609, 709‧‧‧ into the wind zone

610, 710‧‧‧ lower casing

610a, 710a‧‧‧ bottom plate

610b, 710b‧‧‧ ribs

The above and other objects, features, advantages and embodiments of the present invention will become more apparent and understood.

2 is an exploded view of a centrifugal fan according to an embodiment of the present invention.

Fig. 3 is a view showing the state of combination of components of the centrifugal fan of Fig. 2.

Fig. 4 is a top view showing the lower casing of the centrifugal fan of Fig. 2.

Fig. 5 is a top plan view showing the lower casing of the centrifugal fan according to another embodiment of the present invention.

Figure 6 is a top view of the lower casing of the centrifugal fan according to still another embodiment of the present invention.

Fig. 7 is a top plan view showing the lower casing of the centrifugal fan according to still another embodiment of the present invention.

Fig. 8 is a top plan view showing the lower casing of the centrifugal fan according to an embodiment of the present invention.

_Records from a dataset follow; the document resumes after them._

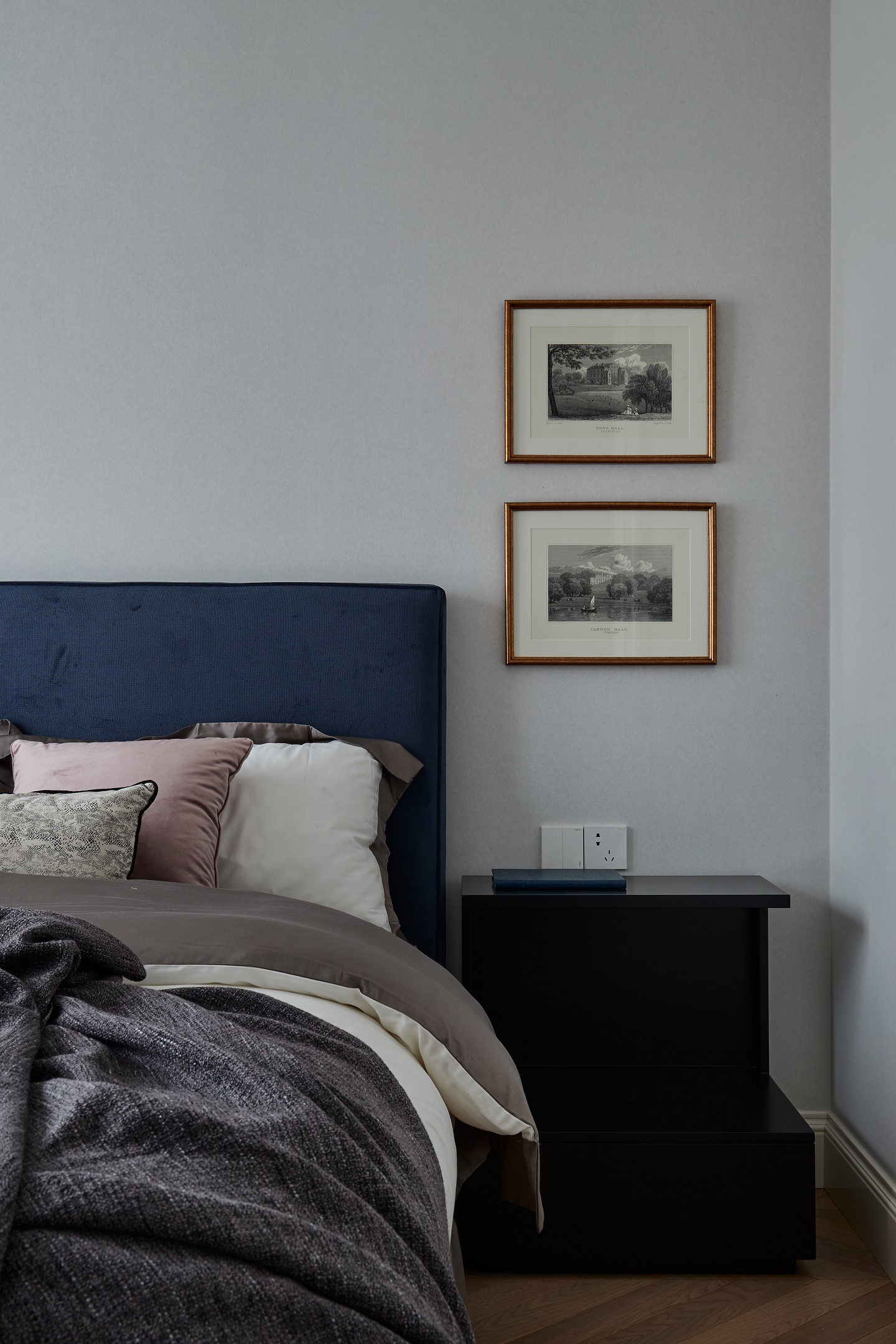 在這個低調淺灰色的空間里,充足的光線,沉穩的配色,平和、平靜的家具布置,床頭柜上兩幅懷舊的裝飾畫,記憶的閘門悄悄的打開了,像似執筆輕寫靈魂深處如夢似幻的思念。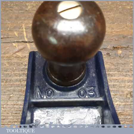 Vintage 1930’s Record No: 03 smoothing plane with rosewood handles, fully refurbished and in good used condition, ready to use. Manufactured between 1932-39. Note: Minor light marks to the sole.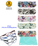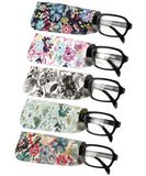 [3 PACK / 5 PACK], JAVOedge Floral Collections Ultra Light Soft Pouch Eyeglass Storage Case w/Microfiber Eyeglass Cloth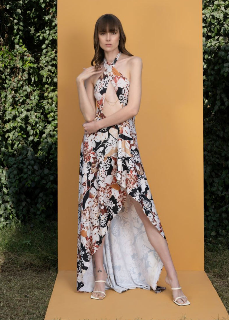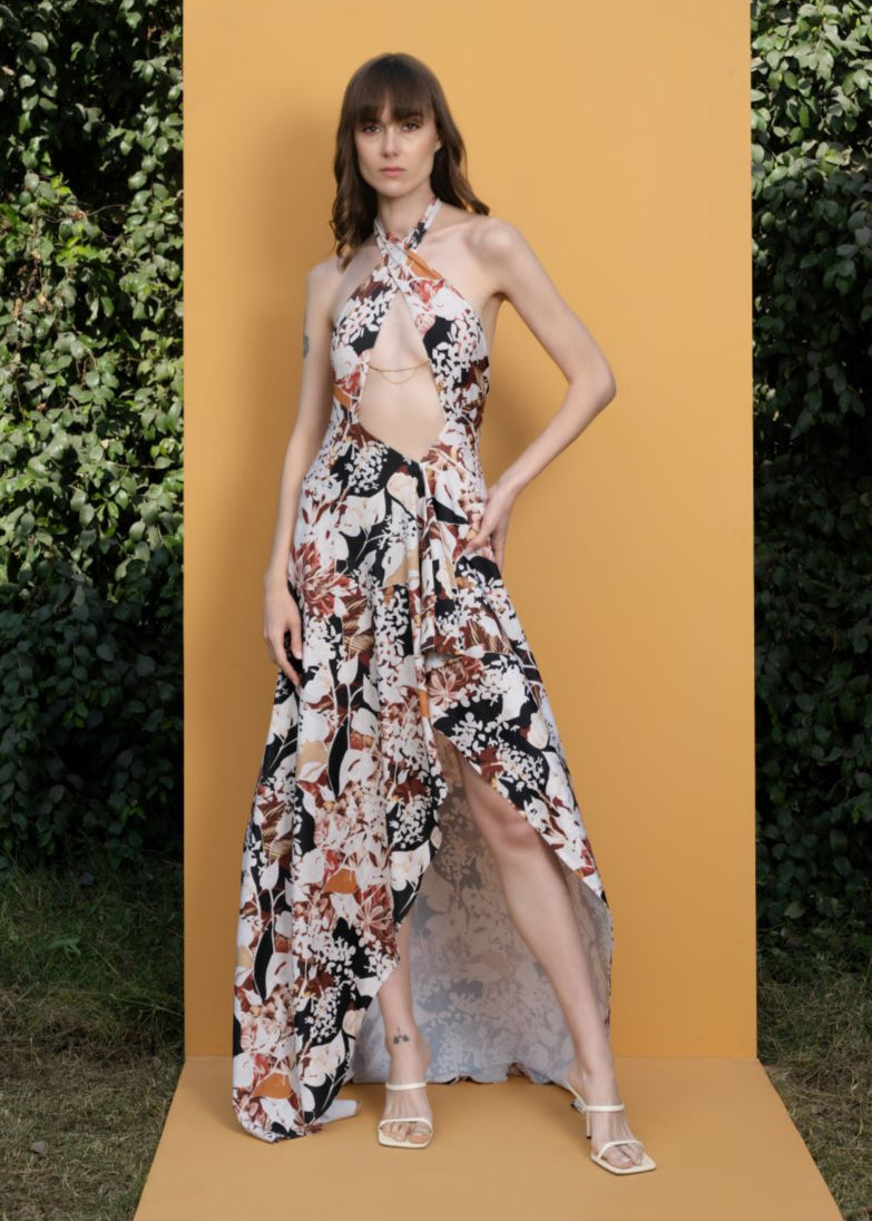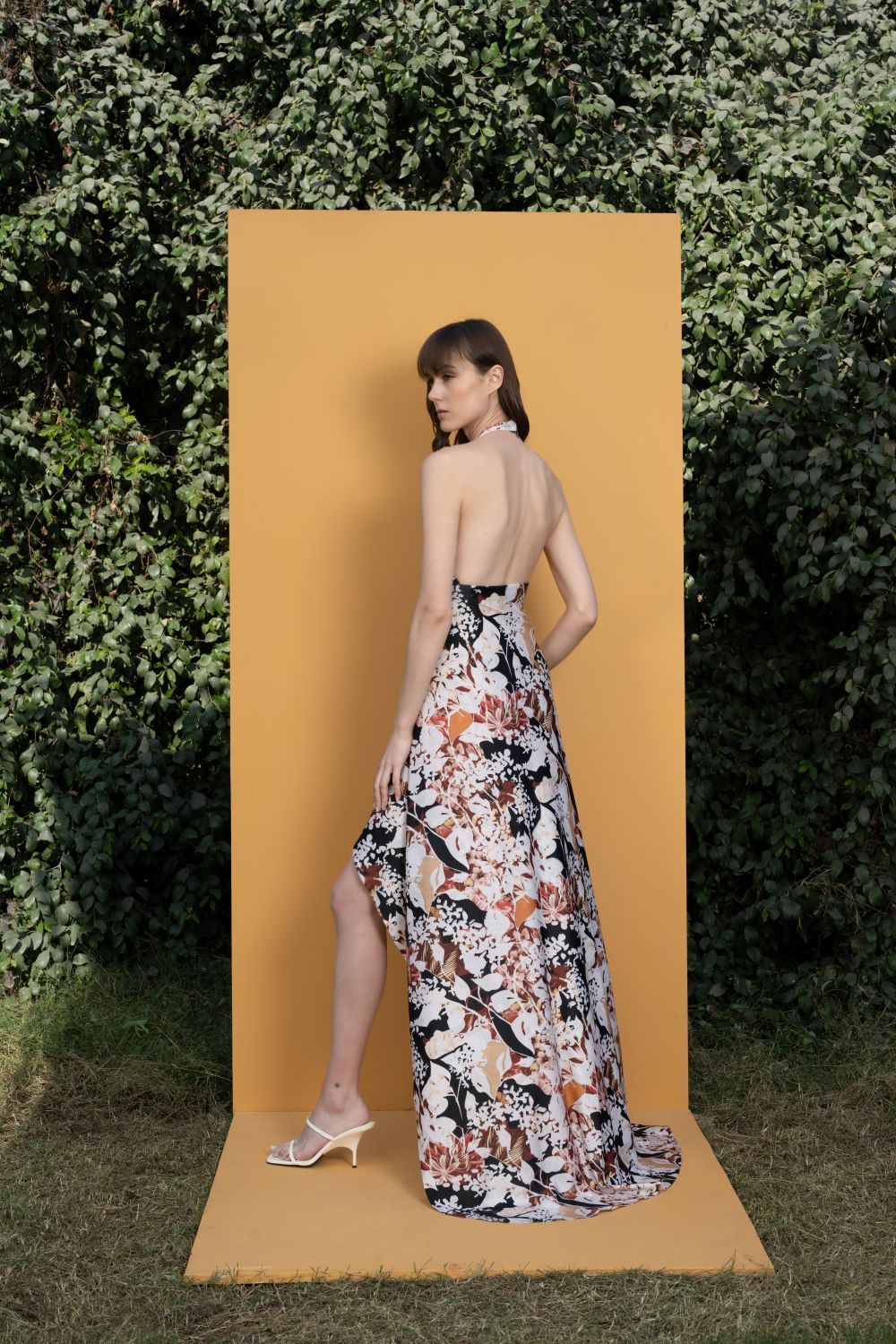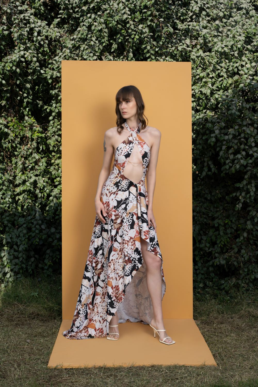 Make a bold statement with Mandira Wirk's Black Rose Printed Spandex Dress with Ball Chain Detail. Crafted from luxurious Spandex fabric and adorned with a captivating rose print in multi black, this dress is a true celebration of style and elegance.

Fig. 9 is a top view showing the lower casing of the centrifugal fan according to an embodiment of the present invention.

200‧‧‧ centrifugal fan

202‧‧‧ fan leaves

202a‧‧ Direction

209‧‧‧Axial wind inlet area

210‧‧‧Shell

210a‧‧‧Upper casing

210b‧‧‧ lower casing

210c ₁ ‧‧‧ inlet

210c ₂ ‧‧‧ inlet

210c ₃ ‧‧‧ inlet

210e‧‧‧ tongue mouth

210d‧‧‧air inlet

210f‧‧‧floor

210g‧‧‧ ribs

213‧‧‧ flow path

230‧‧‧ drive

230a‧‧‧ shaft

Claims (2)

A centrifugal fan comprising: at least one blade; a driving device connecting the blade and driving the rotation thereof; and a casing covering the blade and the driving device to form a first-class channel therein The curved side wall has a tongue opening adjacent to the radial air outlet, the flow channel includes a pressurization zone and an opening zone, and the casing comprises an axial air inlet zone and at least one radial air outlet, the axial direction The wind zone includes: a bottom plate for the driving device to be fixed thereon, and has a center, a boundary line between the open area and the pressurizing area is a line connecting the tongue port and the center, and the pressurizing area is equally divided a first plenum and a second plenum, the first plenum is adjacent to the tongue; and a plurality of ribs are connected between the bottom plate and the casing, and a plurality of air inlets are formed on the ribs and the bottom plate Between the housing and the housing, the area of the air inlet in the opening area is greater than 2.2 times the area of the air inlet in the first pressurized area. The centrifugal fan of claim 1, wherein an area of the air inlet in the second plenum is less than 0.9 times an area of the air inlet in the first plenum.